Content Similarity Clustering

Content Similarity Clustering model groups together multiple pieces of content in query results that are similar to each other. This aids in readability and organization of query results.

Statistics

Type	Speed	Partner Type
Post Processing	Instant	Datastreamer Internal

Example Use Cases

In a query for news articles, for example, multiple articles may describe the same news event with the same names, places and details, but originating from different news sources. Some may be duplicates or near duplicates. By assigning cluster ids to individual documents, documents with similar content share the same cluster ids, making similar content associations clear.

In large scale analysis, multiple events may be within the same result. Applying the content similarity clustering will allow you to group similar events within the search result.

Compatible Data Sources

As a post-processing operation, it is run on demand for any source in English.

📘
Optimal Usage
Content Similarity Clustering was trained on long form data.

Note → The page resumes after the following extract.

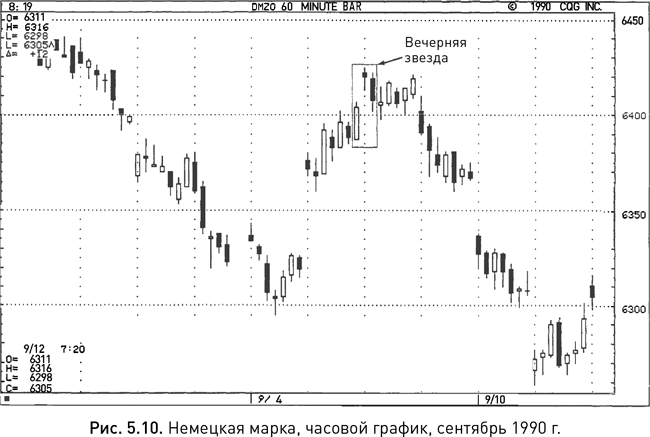 На рисунке 5.10 можно видеть, что за последний час торгов 5 сентября и первые два часа торгов следующей сессии сформировалась вечерняя звезда, которая при этом не является островной вершиной. Следовательно, сигнал разворота в данном случае можно было заметить только благодаря свечному анализу. Обратите также внимание на то, что подъем, завершившийся этой вечерней звездой, начался 4 сентября с появления утренней звезды.
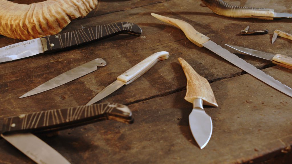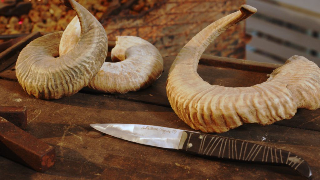 Mastering this craft requires specific skills and access to certain raw materials, particularly goat and sheep horn, which are used to fashion the handle—one of the defining features of the Bisacquino knife. From a material culture perspective, the knife embodies a dialogue between two distinct material elements: the “natural” substance of the animal horn used for the handle and the forged steel of the blade. The process of shaping and finishing the horn—known locally as abbruscatura—is a highly specialized technique that requires dexterity and experiential knowledge passed down through apprenticeship.

Therefore this model performs optimally on news and similar content.

Example Query

{
     "query": {
          "data_sources": [
               "opoint_news"
          ],
          "query": "content.body: cats",
          "sort": [
            {
                "field": "content.published",
                "order": "desc" 
            }
          ]
     },
    "operations": [
        {
            "destination_path": "enrichment.content_similarity_clustering",
            "name": "content_similarity_clustering",
            "parameters": {
                "main": "content.body",
                "language": "enrichment.language"
            },
            "condition": {
                "operator": "and",
                "conditions": [
                    {
                        "path": "content.body",
                        "operator": "exists"
                    },
                    {
                        "path": "enrichment.language",
                        "value": "en",
                        "operator": "eq"
                    }
                ]
            }
        }
    ]
}'

Example Output

{
    "results": [
        {
            ...
            },
           "enrichment": {
			  "content_similarity_clustering": {
                    "cluster_id": 5,
                    }
}